“Even on clear moonless nights, many
dung beetles still manage to orientate
along straight paths”
Considering that birds, seals and butterflies are known to rely on the stars to find their way around, the study authors noted that using the Milky Way as a compass “might turn out to be widespread in the animal kingdom.”
If any bug needs a straight line to follow, it’s the dung beetle. These nocturnal insects make a habit of balling up pieces of animal manure and rolling the spheres away from the larger pile to save for their own use. The balls, which are considerably bigger than the beetles’ bodies, serve as food and even a nesting place for some species.
Given the importance of these dung balls, it’s essential that the beetles keep them away from any would-be thieves. Hence the importance of rolling in a straight line: If they take a curvy route, they could mistakenly wind up back where they started, giving other beetles a chance to steal it.
“The whole point of moving the ball away is to avoid the competition,” said Keith Philips, a dung beetle expert at Western Kentucky University in Bowling Green, who wasn’t involved in the new study. “Stop wasting energy moving your ball around.”
Vision scientist Marie Dacke of Lund University in Sweden, who led the study, had noticed in previous studies that even on moonless nights, dung beetles were able to move their spheres in straight paths. To put the critters’ routing skills to the test, she and her colleagues tracked their insect subjects through a dung-rolling course on a South African game reserve called Stonehenge.
The researchers put the beetles and their balls of dung in the center of an arena of sand surrounded by a meter-high wall so nothing on the ground could be used as a point of reference. An overhead camera filmed their paths.
The beetles’ performance was telling. On clear nights when the moon and stars were visible, the insects’ trajectories were more or less straight. Even on a moonless night, the beetles were pretty efficient in their dung-rolling as long as the Milky Way was visible. But when the sky was overcast, the insects went every which way but straight.
In a second round of experiments, the researchers put the bugs and their dung balls in the center of a wooden platform two meters across and clocked how long it took for them to reach the edge. With the galaxy in sight, their paths led them to the edge of the platform in as little as 40 seconds. But with clouds blocking their view, it took them nearly two minutes.
The researchers even taped makeshift cardboard visors to the beetles’ heads, blocking their view of the sky to eliminate all doubt. To no one’s surprise, the beetles wandered aimlessly, showing no sense of direction.
Dacke and her colleagues found that dung beetles can transport their dung balls along straight paths under a starlit sky, but lose the ability under overcast conditions. In a planetarium, the beetles stayed on track equally well under a full starlit sky and one showing only the diffuse streak of the Milky Way.
That makes sense, the researchers explained, because the night sky is sprinkled with stars, but the vast majority of those stars should be too dim for the beetles’ tiny compound eyes to see.
The findings raise the possibility that other nocturnal insects also use stars to guide them at night. On the other hand, dung beetles are pretty special.
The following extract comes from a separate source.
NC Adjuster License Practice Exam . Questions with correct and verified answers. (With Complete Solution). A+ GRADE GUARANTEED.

Upon locating a suitable dung pile, ball-rolling dung beetles shape a piece of dung into a ball and roll it away in a straight line. That behaviour guarantees them that they will not return to the dung pile, where they risk having their ball stolen by other beetles.
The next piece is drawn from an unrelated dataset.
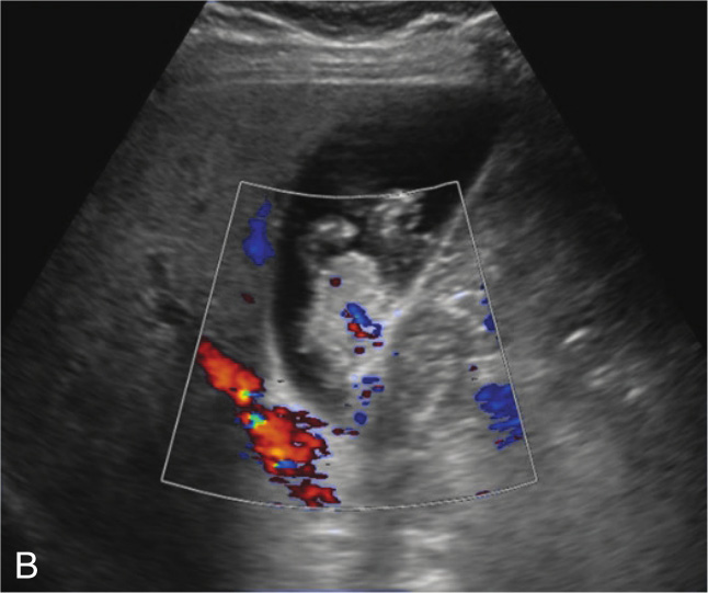 A.胆囊壁可见高回声结节,最大径2.8cm;B.CDFI显示结节内可见血流信号

“Dung beetles are known to use celestial compass cues such as the sun, the moon and the pattern of polarised light formed around these light sources to roll their balls of dung along straight paths,” Dacke said. “Celestial compass cues dominate straight-line orientation in dung beetles so strongly that, to our knowledge, this is the only animal with a visual compass system that ignores the extra orientation precision that landmarks can offer.”